At the same time, the jobs themselves are changing.
Ok but what about people who are really struggling now to find work? There’s a silent struggle happening beyond “low unemployment numbers” especially for white collar workers.
The “half-life” of a skill is the amount of time that it takes for a particular skill to lose half of its value. We used to see a half-life for skills of 10+ years. That’s now down to 5 years and declining.
It’s important that we differentiate between skills and talent. When we discuss skills in this context, we mean the tactical knowledge used to perform a job at hand.
The tricky part here is that increasingly employers tend to want to hire people who have been there/done that in a professional environment. But training programs today focus on practicing the skills in a training environment.
When budgets are tight and resources are limited, the fear of hiring the wrong person begins to outweigh the pain of the open role. And so teams begin to invent more and more hoops for candidates including wanting more proof of experience rather than more proof of skill acquisition.

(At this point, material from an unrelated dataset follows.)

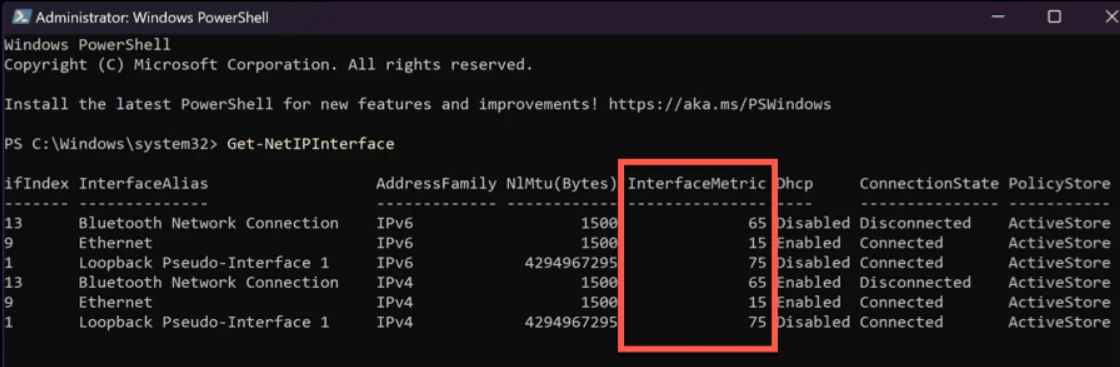 Aşağıdaki sonuçlar, bilgisayarınızda etkin olan her ağ bağdaştırıcısı hakkında bilgi verir. InterfaceMetric etiketli sütunun altında her birinin önceliğini göreceksiniz. Daha düşük bir sayı, bağdaştırıcının diğerlerine göre daha yüksek önceliğe sahip olacağı anlamına gelir.

This creates a market tension in which ML engineers have their pick of jobs but other roles might be struggling to find steady employment. But just saying you know machine learning (which you really might!) isn’t always enough for an employer to make the hire. The second job is always 100x easier than the first in a career transition.

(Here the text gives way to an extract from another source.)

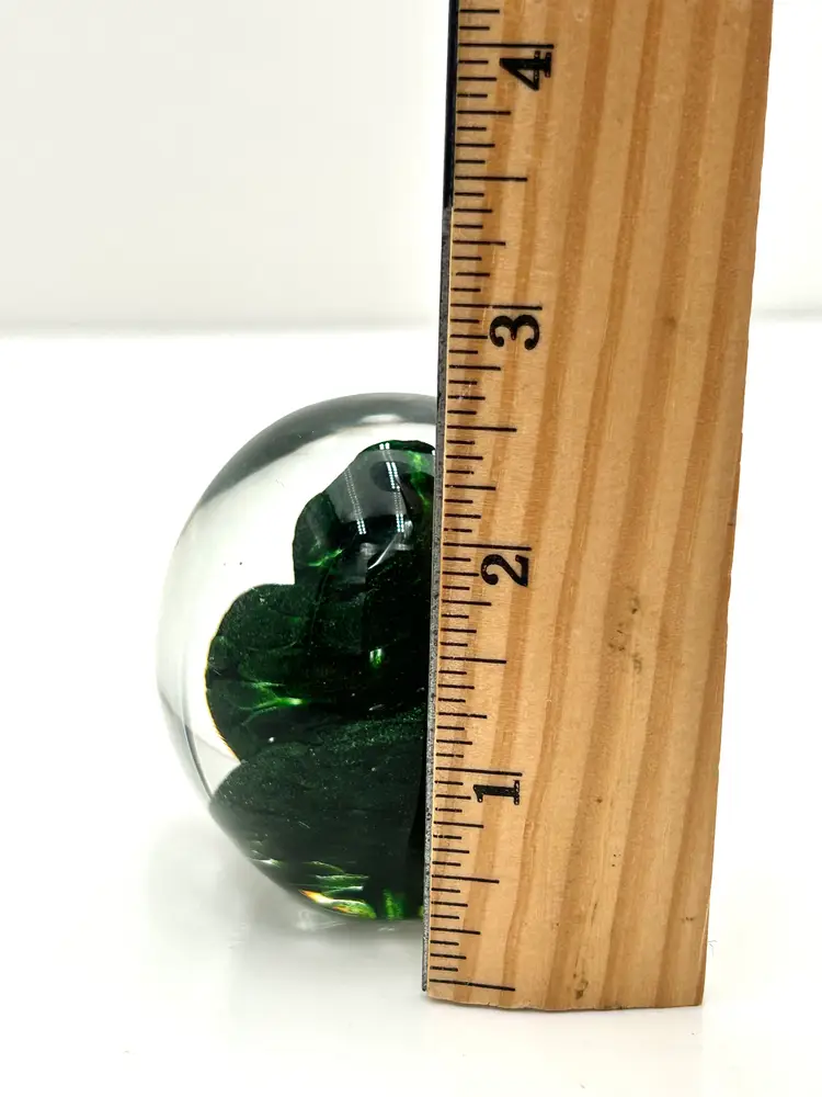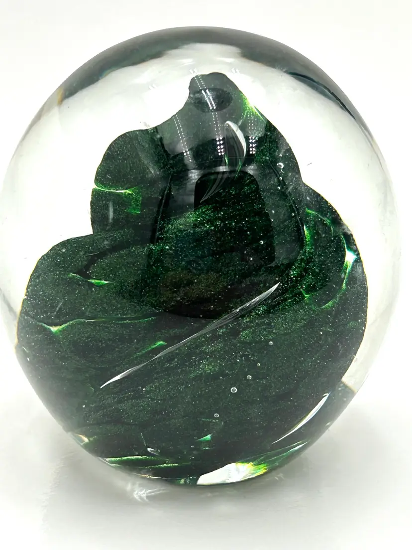 Titan Art Glass 1997 Sparkly Green Swirl Paperweight

These supply and demand differences also create wage compression in which a candidates sees “market compensation” as their last salary and an employer thinks they have equivalent options at lower salaries. Their views of the value being created by a role shift and it takes time to find the new equilibrium.
But what if AI could hold a solution to that tension? What if someone could learn in a way that was built for them and more easily replicate the real world experience that employers are focused on? What if we could more readily truly understand someone’s capabilities beyond a conversation packed with human bias and room for error?

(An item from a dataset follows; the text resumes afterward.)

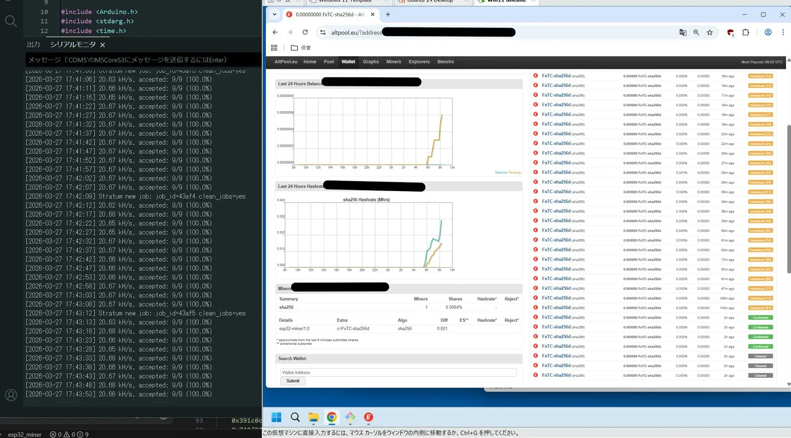 マイニングの仕組みとか方法は全然わからないので、cpuminer-multi を「git cloneして移植して」とAIに頼みました。Composer 2は結構賢くなりましたね。Composer 1.5のときはマイコン系のプログラムはうまくいかないことがあったのですが、2ではかなり良くなったと思います。それでもドツボにはまって抜けられないときはOpus 4.6に助けを求めたりしました。

But people can’t possibly handle change can they?
Are you less busy now than you were 10 years ago?
But don’t you use more technology?
Technology changes, advancements and incorporation into our work are not new.
Changes to skills, duties and the kinds of jobs we have are not new. By 1980, the majority of jobs were ones that didn't exist in 1940.
Fear isn’t new either.
Consider that theater owners were once quite upset about bicycles:
The word "Luddite" comes from British textile workers in the 1800s who worried new machines would take their jobs. And they did. But it also created new jobs. And the new jobs were year round instead of seasonal. Those new job workers banded together and early versions of unions came together ultimately ushering in (hard fought) better working conditions and improved economic productivity.
We’re already making adjustments within the system. Enrollment in schools for the skilled trades are at their highest peak since 2018. Why? Demand and job prospects.
75% of knowledge workers are already using AI at work.
We’re acting as though this is a far off dystopia when the reality is that it’s already in motion and we’re already making adjustments.
Yeah, but change hurts.
Am I saying an efficient AI enabled/run startup couldn’t or won’t displace a “safe” Fortune 100?
No. That could certainly happen. There is a destructive quality to any evolution. Jobs will be lost. And job loss sucks. Job has health implications. Job loss has mental health implications.
But we also can’t avoid it by pretending this isn’t happening. We have agency to take action now. We have time to rethink reskilling now. We can face our own demons around change starting now.
Because the choice was never between the good ole days of back-then and the horrors of what’s next.
Thanks to slowing population growth and productivity, without AI we could have easily found ourselves with an overburdened working population, an underserved elderly population and a real tumble in overall economic growth. All converging at the same time. That doesn’t sound idyllic to me.
All this to say, what if it could have been worse without AI?